This is one of the papers referenced in my recent post on seasonality of COVID-19. The paper does several things that seem interesting:
- It looks at past incidence of “common cold” coronaviruses, estimating the viruses’ reproduction numbers (R) over time, and from that their degrees of cross-immunity and the seasonal effect on their transmission.
- It fits an ODE model for the two common cold betacoronaviruses, which are related to SARS-CoV-2 (the virus for COVID-19), using the same data.
- It then adds SARS-CoV-2 to this ODE model, and looks at various scenarios for the future, varying the duration of immunity for SARS-CoV-2, the degree of cross-immunity of SARS-CoV-2 and common cold betacoronaviruses, and the effect of season on SARS-CoV-2 transmission.
In future posts, I’ll discuss the substance of these contributions. In this post, I’ll talk about my efforts at reproducing the results in the paper from the code and data available, which is a prerequisite for examining why the results are as they are, and for looking at how the methods used might be improved.
I’ll also talk about an amusing / horrifying aspect of the R code used, which I encountered along the way, about CDC data sharing policy, and about the authors’ choices regarding some graphical presentations.
The authors released some of the code and data used in the paper in three github repositories:
- https://github.com/c2-d2/CoV-seasonality
- https://github.com/skissler/nCoV_introduction
- https://github.com/c2-d2/postpandemic (however, this may pertain only to an earlier version of the paper)
These repositories correspond roughly (but incompletely) to the three parts of the paper listed above.
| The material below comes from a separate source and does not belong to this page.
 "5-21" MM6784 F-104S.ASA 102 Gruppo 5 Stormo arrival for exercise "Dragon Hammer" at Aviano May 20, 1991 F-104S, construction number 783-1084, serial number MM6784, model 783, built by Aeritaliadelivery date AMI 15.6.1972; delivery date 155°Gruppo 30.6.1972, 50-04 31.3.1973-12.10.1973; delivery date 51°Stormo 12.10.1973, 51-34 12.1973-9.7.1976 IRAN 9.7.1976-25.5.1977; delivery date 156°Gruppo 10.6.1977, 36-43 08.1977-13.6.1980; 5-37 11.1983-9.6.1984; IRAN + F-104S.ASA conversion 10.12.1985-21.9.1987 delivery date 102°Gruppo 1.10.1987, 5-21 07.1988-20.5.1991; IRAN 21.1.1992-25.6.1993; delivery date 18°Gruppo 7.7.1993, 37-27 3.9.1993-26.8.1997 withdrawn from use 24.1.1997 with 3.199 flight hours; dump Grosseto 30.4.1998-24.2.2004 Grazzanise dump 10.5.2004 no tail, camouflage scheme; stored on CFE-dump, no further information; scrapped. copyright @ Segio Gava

I’ll talk about reproducing the results of each part in turn.
Estimating and modelling the change of R over time for common cold coronaviruses
The paper uses data from the CDC to estimate how the reproduction number, R, for the four “common cold” coronaviruses has changed over time (from Fall 2014 to Spring 2019, in the US), and uses these estimates for R to estimate the impact of seasonality on transmission for these coronaviruses, the degree of immunity that develops to them, and the degree of cross-immunity between the two betacoronaviruses (HKU1 and OC43). Since SARS-CoV-2 is also a betacoronavirus, one might expect it to behave at least somewhat similarly to the two common cold betacoronaviruses, and for there to perhaps be some cross-immunity between SARS-CoV-2 and the other betacoronaviruses.
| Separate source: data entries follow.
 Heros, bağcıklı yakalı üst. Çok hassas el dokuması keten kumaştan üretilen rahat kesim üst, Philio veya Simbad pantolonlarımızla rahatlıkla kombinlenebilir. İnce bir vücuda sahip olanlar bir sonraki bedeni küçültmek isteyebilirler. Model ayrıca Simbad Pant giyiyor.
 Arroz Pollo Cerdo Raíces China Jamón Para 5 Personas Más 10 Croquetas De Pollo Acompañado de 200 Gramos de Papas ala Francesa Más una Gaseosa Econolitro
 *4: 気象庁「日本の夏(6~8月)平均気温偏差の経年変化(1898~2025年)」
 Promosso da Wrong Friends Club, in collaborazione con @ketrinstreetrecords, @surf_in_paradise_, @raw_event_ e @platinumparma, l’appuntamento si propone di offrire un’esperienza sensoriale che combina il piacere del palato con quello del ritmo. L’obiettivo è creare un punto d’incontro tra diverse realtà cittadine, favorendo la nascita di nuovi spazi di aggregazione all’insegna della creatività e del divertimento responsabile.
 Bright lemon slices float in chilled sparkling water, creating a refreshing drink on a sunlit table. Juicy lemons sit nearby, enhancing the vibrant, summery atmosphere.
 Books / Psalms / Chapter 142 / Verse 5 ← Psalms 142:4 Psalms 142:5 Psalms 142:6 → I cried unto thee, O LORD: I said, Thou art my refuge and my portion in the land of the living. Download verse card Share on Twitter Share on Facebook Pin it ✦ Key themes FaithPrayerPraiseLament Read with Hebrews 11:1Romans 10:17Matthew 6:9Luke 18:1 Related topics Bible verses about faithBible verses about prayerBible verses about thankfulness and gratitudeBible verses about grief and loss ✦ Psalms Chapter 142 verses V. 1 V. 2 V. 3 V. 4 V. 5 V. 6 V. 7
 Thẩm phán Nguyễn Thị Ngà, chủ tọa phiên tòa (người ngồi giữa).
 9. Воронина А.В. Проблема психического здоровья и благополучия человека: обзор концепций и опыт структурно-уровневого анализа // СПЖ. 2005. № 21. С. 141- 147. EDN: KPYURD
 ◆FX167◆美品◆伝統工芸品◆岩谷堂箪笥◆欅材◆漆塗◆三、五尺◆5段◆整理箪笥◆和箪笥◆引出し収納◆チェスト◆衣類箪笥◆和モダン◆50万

Reproducing the estimates for R
The procedure used in the paper to estimate R over time for each of these viruses has several steps:
- The incidence of infection each week with the common cold coronaviruses was estimated (up to an unknown scaling factor, relating to how likely sick people are to visit a doctor) by multiplying the weekly reports of physician visits for Influenza-Like Illness (ILI) by the weekly percentage of laboratory tests for the four coronaviruses that were positive for each of them.
- A spline-based procedure was used to interpolate daily incidence of each virus from these weekly numbers .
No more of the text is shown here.